Acorn House, 69 Swinton street London WC1X 9NT ; Tel 0207 812 1842; www.acornhouserestaurant.com; Tube: Kings Cross


PS I keep meaning to start taking beautiful pictures of the food - with which all the other foodie blog seem to be adorned - but then inevitably get too absorbed in the drinking and the eating and forget. One of these days though...

Monday, January 08, 2007

The Bountiful Cow

Ignore the garish neon lights, and duck in to a small, cosy dark bar. The highlight, according to other reviews, is the landlady, a one-time doyenne of Ronnie Scotts and sadly absent during our visit. The young waitresses were perfectly helpful though, escorting us to the more spacious restaurant down some hard to find steps. The dinner came courtesy of toptable.co.uk, paid for with loyalty points accumulated from far too many expensive lunches and dinners over the past 12 months, and consisted of two courses from a very limited menu. My salad came in a huge bowl, piled high with tomatoes, onions and chunks of feta cheese. My companion braved the liver in a bid to overcome an aversion that dates back to horrific school dinner experiences. It turned out all creamy and pate-like, with some rather nice toasted bread. For mains, we both opted for juicy burgers, topped with cheese and served in huge buns with chips and salad on the side. The meat was juicy-pink in the middle, and yummy on the tongue. The generous side orders defeated us, leaving no room for deserts. For a free meal, it certainly got my seal of approval, and was nicely washed down by some drinkable house white (£11.50).
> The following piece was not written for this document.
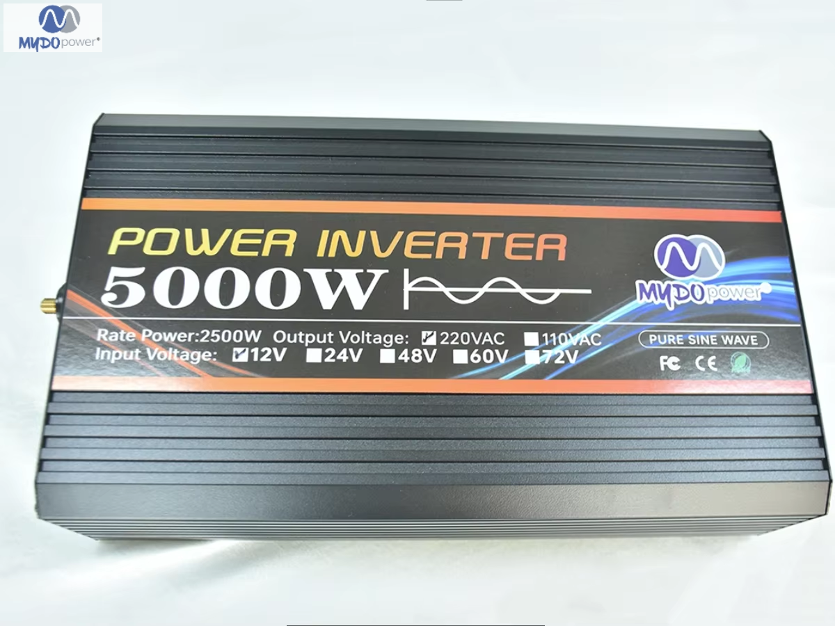 Origin: Guangdong, China Model: MDH5000W Output voltage: AC 110V/220V Output type: Single Output frequency: 50Hz/60Hz Pure sine wave Peak power: 2500W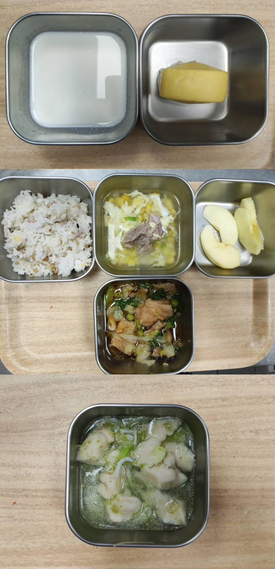 早餐-玉米雞茸羹 午餐-五穀飯/紅燒雞丁/木耳炒蛋/季節青菜/味增豆腐湯/水果 點心-水煮玉米/紅棗茶

The Bountiful Cow, 51 Eagle St, WC1R 4AP. Tube: Holborn

Wednesday, March 15, 2006

My Old Dutch Pancake House

May be my tastes have got more sophisticated with the years, or may be the pancakes have got worse, but my last trip to this one-time favourite didn't leave me with any great desire to return. The Holborn branch feels a bit like a canteen crossed with a wine bar, with its unfussy decor and wooden tables. The speciality is huge Dutch pancakes, covered in toppings, pizza-style, and served on huge Dutch plates with the traditional blue and white motifs (around£6-8). There are plenty of fillings to choose from as well as a pick your own section and the pancakes are very filling. But it's worth leaving a bit of pancake and trying the deep fried cheese balls for a starter. Wash it down with some Dutch (or Belgian) beers from a decent selection (£3-5). It's quite quick and friendly enough, and certainly eminently edible - and drinkable. But amid the hunderds and thousands of eateries in London it seems to lack that extra something that would draw you back. If you're hungry for pancakes, a more atmospheric bet would be the tiny and busy creperie near South Ken tube.